Word for word, give the data again without its pictures.

(Extracted data entries)

☆ ☆ ☆

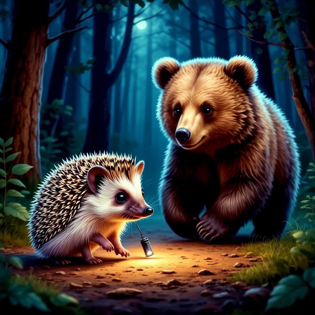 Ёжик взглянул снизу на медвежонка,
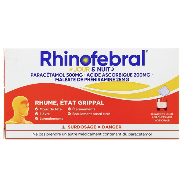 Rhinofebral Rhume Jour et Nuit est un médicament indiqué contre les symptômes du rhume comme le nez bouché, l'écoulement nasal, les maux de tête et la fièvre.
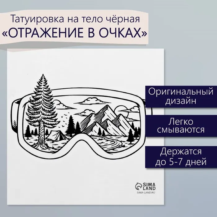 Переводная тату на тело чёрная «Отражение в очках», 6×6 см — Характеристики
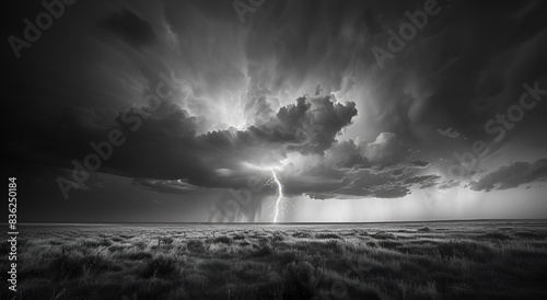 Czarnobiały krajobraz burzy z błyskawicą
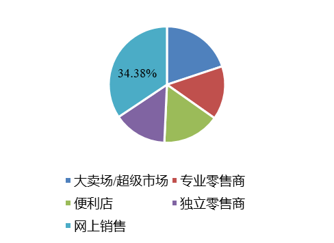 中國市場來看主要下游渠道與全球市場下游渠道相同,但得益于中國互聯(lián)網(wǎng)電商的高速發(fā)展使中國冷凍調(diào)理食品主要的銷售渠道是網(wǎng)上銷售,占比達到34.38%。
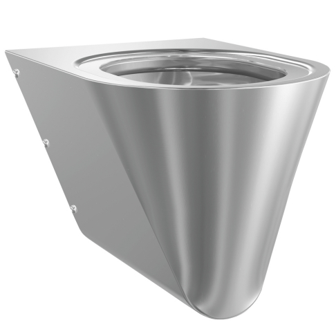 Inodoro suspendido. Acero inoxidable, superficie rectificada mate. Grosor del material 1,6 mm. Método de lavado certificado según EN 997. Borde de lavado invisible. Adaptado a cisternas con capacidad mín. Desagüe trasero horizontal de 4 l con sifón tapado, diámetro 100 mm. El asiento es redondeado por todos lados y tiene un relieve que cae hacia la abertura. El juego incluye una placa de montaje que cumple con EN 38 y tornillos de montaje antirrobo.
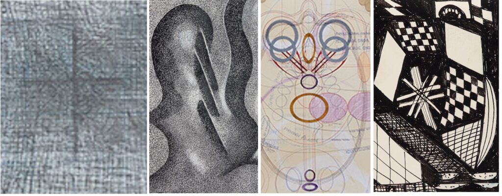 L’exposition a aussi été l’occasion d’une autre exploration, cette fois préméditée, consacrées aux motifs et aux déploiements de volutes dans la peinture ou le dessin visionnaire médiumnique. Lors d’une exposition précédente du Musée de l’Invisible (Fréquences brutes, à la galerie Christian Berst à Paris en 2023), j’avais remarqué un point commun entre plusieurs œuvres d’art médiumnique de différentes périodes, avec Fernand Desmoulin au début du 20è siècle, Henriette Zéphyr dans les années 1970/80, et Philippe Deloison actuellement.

☆ ☆ ☆

SOLUTION TO THE PROBLEM:
 Ёжик взглянул снизу на медвежонка,
 Rhinofebral Rhume Jour et Nuit est un médicament indiqué contre les symptômes du rhume comme le nez bouché, l'écoulement nasal, les maux de tête et la fièvre.
 Переводная тату на тело чёрная «Отражение в очках», 6×6 см — Характеристики
 Czarnobiały krajobraz burzy z błyskawicą
 中國市場來看主要下游渠道與全球市場下游渠道相同,但得益于中國互聯(lián)網(wǎng)電商的高速發(fā)展使中國冷凍調(diào)理食品主要的銷售渠道是網(wǎng)上銷售,占比達到34.38%。
 Inodoro suspendido. Acero inoxidable, superficie rectificada mate. Grosor del material 1,6 mm. Método de lavado certificado según EN 997. Borde de lavado invisible. Adaptado a cisternas con capacidad mín. Desagüe trasero horizontal de 4 l con sifón tapado, diámetro 100 mm. El asiento es redondeado por todos lados y tiene un relieve que cae hacia la abertura. El juego incluye una placa de montaje que cumple con EN 38 y tornillos de montaje antirrobo.
 L’exposition a aussi été l’occasion d’une autre exploration, cette fois préméditée, consacrées aux motifs et aux déploiements de volutes dans la peinture ou le dessin visionnaire médiumnique. Lors d’une exposition précédente du Musée de l’Invisible (Fréquences brutes, à la galerie Christian Berst à Paris en 2023), j’avais remarqué un point commun entre plusieurs œuvres d’art médiumnique de différentes périodes, avec Fernand Desmoulin au début du 20è siècle, Henriette Zéphyr dans les années 1970/80, et Philippe Deloison actuellement.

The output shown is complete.